Hesiod was one of ancient Greece’s foremost poets and is generally assumed to have flourished around 750 BC. Two of his works have been identified as having parallels with Plato’s Atlantis. The first, his Works and Days, describes the deterioration of mankind in a similar manner to the moral decline of the inhabitants of Atlantis related by Plato.

The second,  Theogony, prompted Haraldur Sigurdsson, a volcanologist has identified imagery that could be a reflection of the eruption of Thera seven hundred years earlier. Professors Mott Greene[575] and J. V. Luce among others support this idea. This poem contains in line 938 what is probably the earliest use of the name ‘Atlantis’ that we have. “And Maia, the daughter of Atlas, bare to Zeus glorious Hermes, the herald of the deathless gods, for she went up into his holy bed.”(a)

Greene lists fifteen details in Titanomachy and compares them with the characteristics of the mid 2nd millennium BC eruption of Thera and finds a remarkable correspondence (p.61/2).

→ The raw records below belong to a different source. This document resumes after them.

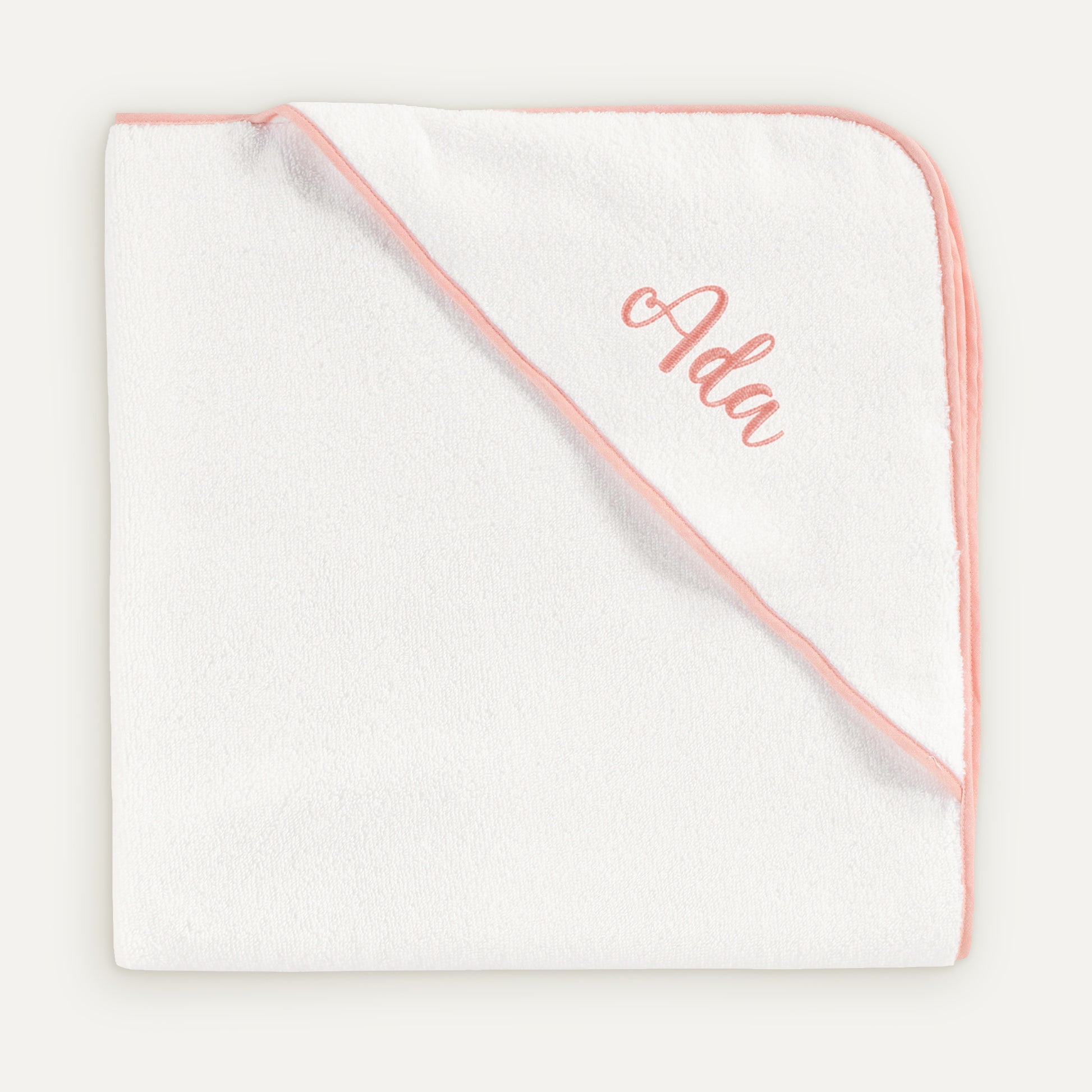 İsme Özel %100 Organik Pamuk Nakışlı Somon Biyeli Bebek Havlu Kundak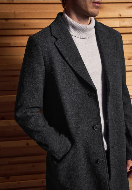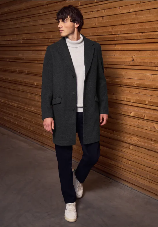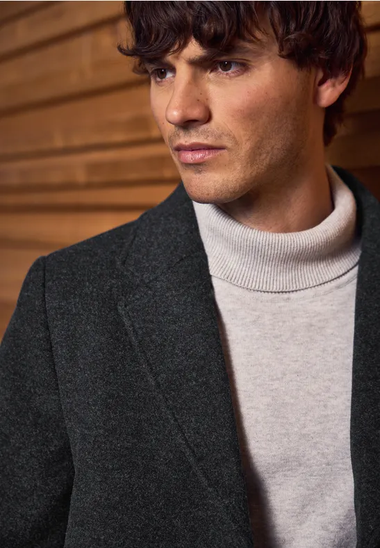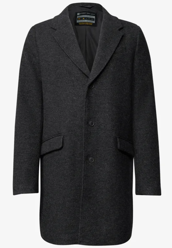 Tento kabát od Street One MEN zaujme svojím moderným vlneným vzhľadom a klasickým golierom s klopou. Zapínanie na gombíky, bočné vrecká a praktické vnútorné vrecko podčiarkujú nadčasový vzhľad. Pohodlná kvalita z neho robí štýlového spoločníka v chladných dňoch.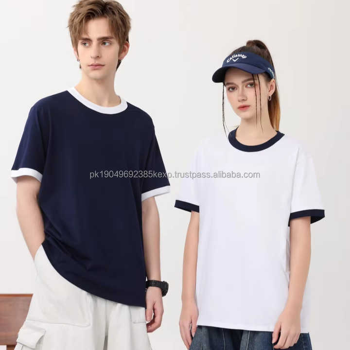 200gsm unisexe coton Ringer Tee Trendy Color Blocking Regular Fit O-Neck Shirts avec conception personnalisée 100% coton

The Titanomachy or the war between the Titans and the Olympians recorded in the Theogony has been perceived as a parallel of the conflict between Athens and Atlantis. He also refers to the Hesperides, identified by some with Atlantis, as being located in the west

In the same work Hesiod notes that a wall of bronze ran around Tartarus (equivalent to Hell in Greek mythology), which brings to mind the walls covered with orichalcum in Plato’s Atlantis. It is not unreasonable to suggest the possibility of a common inspiration for both.